Why it is important to do this review
Smoking cessation is the most important intervention to reduce the risk of developing COPD and to improve the prognosis of patients with the disease. COPD patients have a more urgent need to stop smoking than the average smoker; moreover, many often find it more difficult to do so (Tonnesen 2007). Therefore, it is important to provide an overview of the evidence base for different smoking cessation interventions directed at these patients.

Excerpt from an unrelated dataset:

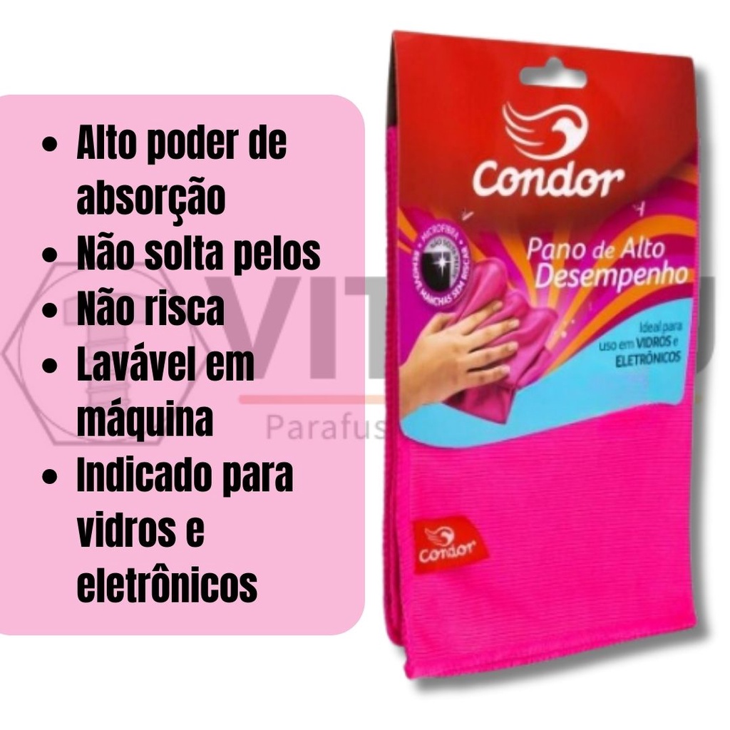 Pano Microfibra de alto desempenho para vidros e eletrônicos Rosa Condor 40cm x 30cm

Compared with smokers from the general population, smokers with COPD might have greater difficulty in quitting smoking, in part because of their higher pack-years of smoking history, stronger dependence on nicotine and particular inhalation pattern (Jimenez-Ruiz 2001; Shahab 2006). A Dutch study showed that smokers with mild to severe COPD were less likely to achieve abstinence than smokers without COPD but at risk of developing the disease; the prolonged abstinence rate after six months with nortriptyline therapy was 21% in smokers with COPD compared with 32% in smokers without COPD (Wagena 2005). That study, however, did not control for baseline differences. Therefore, interventions aimed at smokers with COPD might have to be more tailored to the needs of COPD patients to increase their desire to stop and to address their increased levels of nicotine dependence (Shahab 2006). However, evidence for the effectiveness of tailored versus general smoking cessation interventions in this patient group is scarce.
The scope of this review will be the same as this previous Cochrane review: to review the evidence 'whether and which treatments are effective in COPD smokers' (van der Meer 2001). However, results might have changed because new trials on this subject have been published since 2003.